Nuclear powerplants in Germany were beyond their lifespan and fixing and modernizing them was not economically feasible. Just too expensive compared to other forms of energy.
Germany certainly hasn’t been “replacing nuclear with coal”.
realitista@lemm.ee 6 months ago
Closing a nuclear plant means you keep a coal plant open. So you are in effect replacing nuclear with coal. If you kept the nuclear plant open you could close the coal plants instead. Idiotic move.
ChairmanMeow@programming.dev 6 months ago
The nuclear plants in Germany were too old and too expensive to maintain. At some point a reactor is just end-of-life. They get operational issues causing semi-frequent shutdowns. The reliability issues become a problem that skyrockets the costs further.
Closing a nuclear plant like that puts enough money back in the budget to afford a faster transition to renewables, which ultimately closes down the coal plants faster too. It’s about the big picture, it’s not as simple as simply saying “we’ll do less coal” or “we’ll do less nuclear”.
woelkchen@lemmy.world 6 months ago
I got this idea from reading (and linking) a recent 2024 source that you clearly didn’t read or ran through a translator. Your 2022 source is outdated.

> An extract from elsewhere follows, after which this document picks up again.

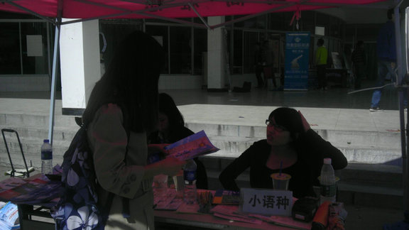 10.18日歐風小語種走進南大金陵學院,在第三食堂旁廣場舉辦了戶展活動。 請看歐風小編從現場發回的一線報道哦~ 現場醒目的海報宣傳: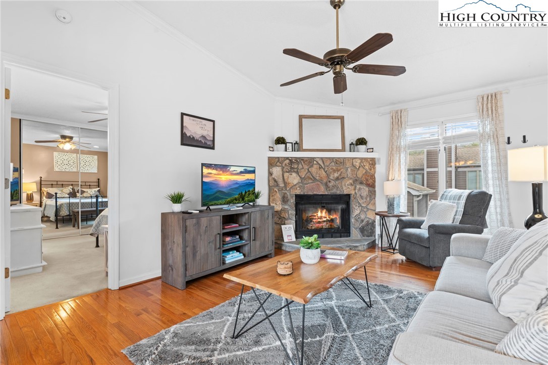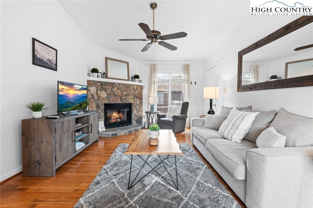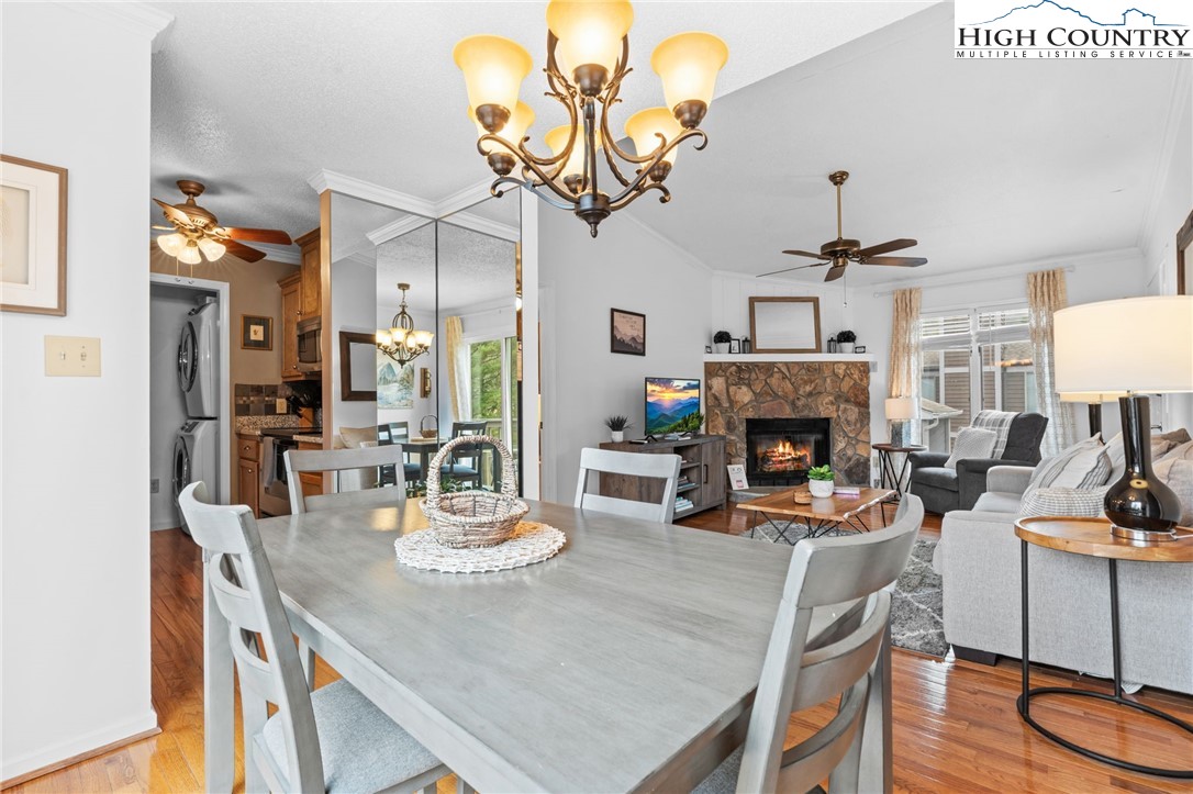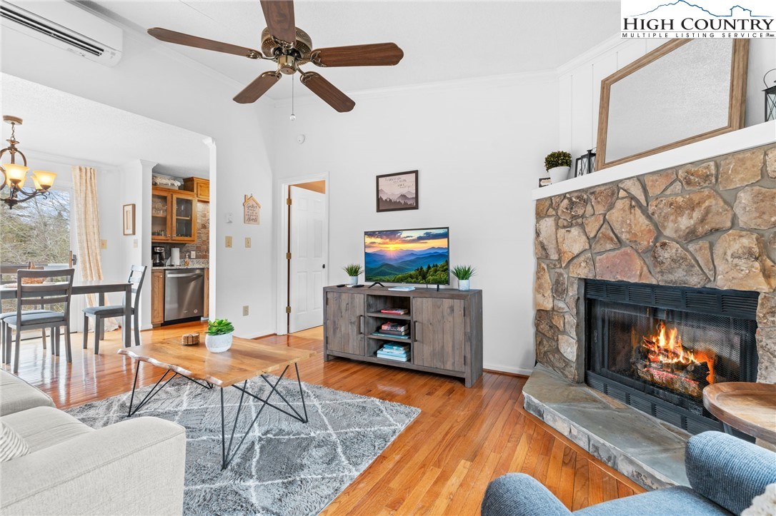 Tucked into the heart of Blowing Rock, this fully furnished condominium offers the ideal blend of mountain charm and walkable convenience. Inside, you’ll find two spacious bedrooms, each with its own private ensuite bath, creating a comfortable and functional layout for guests or full-time living. The living room features a stone-faced fireplace and soaring cathedral ceilings, adding warmth and architectural interest while enhancing the sense of space and light. The dining area opens to a private balcony — a highly sought-after feature, with only a limited number of units in the complex offering this outdoor extension. It’s the perfect spot for morning coffee or cool mountain evenings. The galley-style kitchen is efficiently designed and comes complete with a full appliance package, generous pantry storage, and a stackable washer and dryer for everyday convenience. Located just a short stroll from Main Street, you’ll enjoy easy access to charming boutiques, art galleries, and local dining. Outdoor enthusiasts will appreciate the close proximity to the scenic Blue Ridge Parkway, offering miles of breathtaking views and recreation. With vacation rentals permitted, this property presents a compelling opportunity as a full-time residence, second home, or income-producing investment in one of the High Country’s most desirable destinations.

Ibuthyr@lemmy.wtf 6 months ago
Mate, they closed the power plants because they have long surpassed their design operating hours. The upkeep alone costs so ridiculously much, no one can pay that kind of shit. Germany has even postponed the closing date due to the immediate crisis the Russians have created.
realitista@lemm.ee 6 months ago
I’d like to believe that this is true, but after the revelations of how much Merkel and Schroeder were in bed with the oil industry as well as the green party’s role in this, I’m skeptical to say the least.